RECORDED INFORMATION:
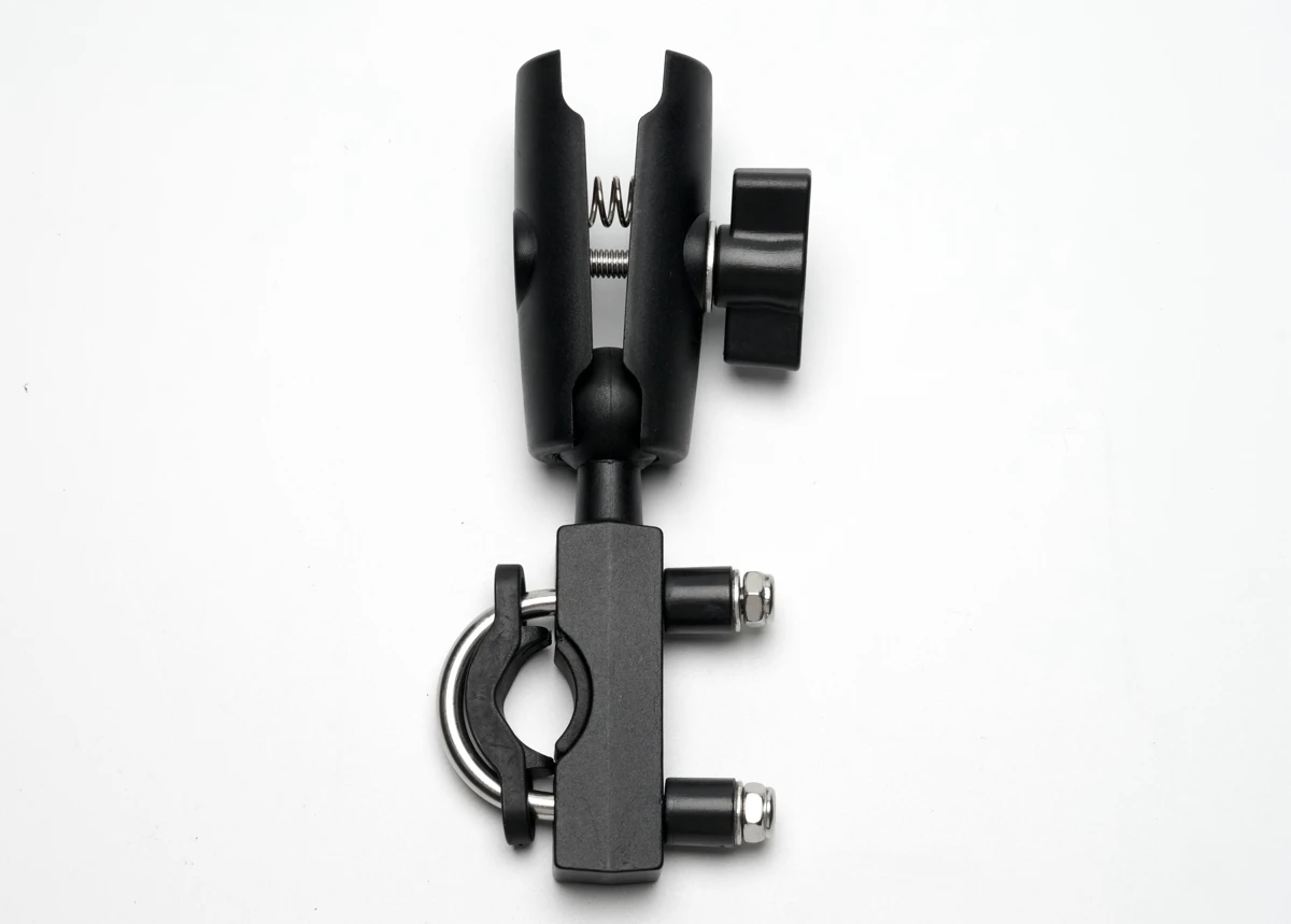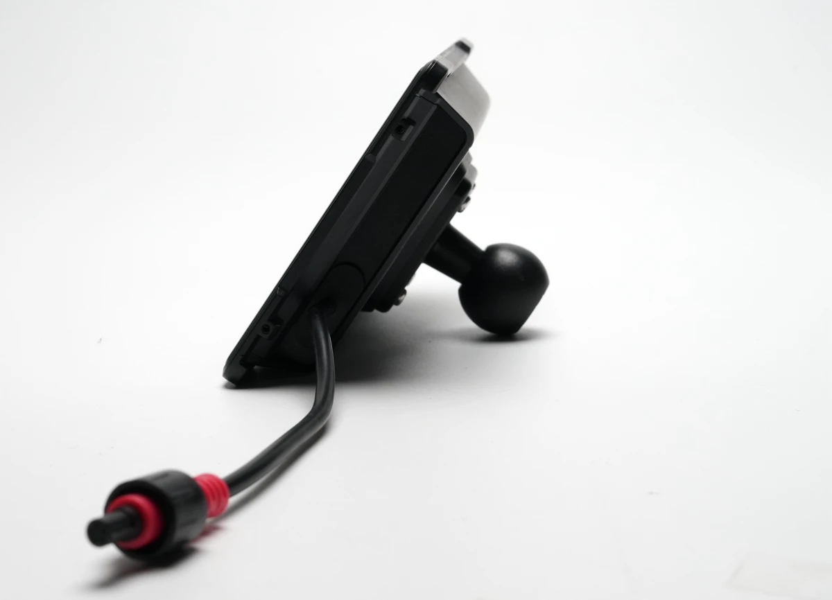 先に説明したようにSRD 5 Slimにはブラケットと2種類の給電ケーブルが同梱されているので、まずはブラケットをハンドルに取り付けた上で本体を載せて、から〜の、お次は車体バッテリーもしくはUSBポートに給電ケーブルを繋いで、から〜の、最後に本体側の電源コードに接続するだけで取り付け完了となります!
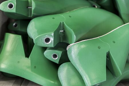 Plastic lasts used in the manufacture of shoes. Row of plastic shoe lasts used to manufacture modern day shoes. The equipment used for shoe design
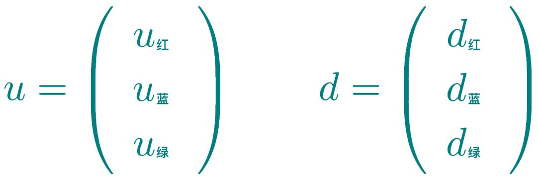 夸克的这一性质被称为色荷,描述它的理论称为量子色动力学(QCD)。这三种色可以排列成一个矢量,比如对上夸克和下夸克来说

WHAT THIS TASK INVOLVES: Write out exactly the lines from the line that contains "Plastic lasts used" to the last line of the material above, both included; pictures do not belong in the copy.

REPLY:
 Plastic lasts used in the manufacture of shoes. Row of plastic shoe lasts used to manufacture modern day shoes. The equipment used for shoe design
 夸克的这一性质被称为色荷,描述它的理论称为量子色动力学(QCD)。这三种色可以排列成一个矢量,比如对上夸克和下夸克来说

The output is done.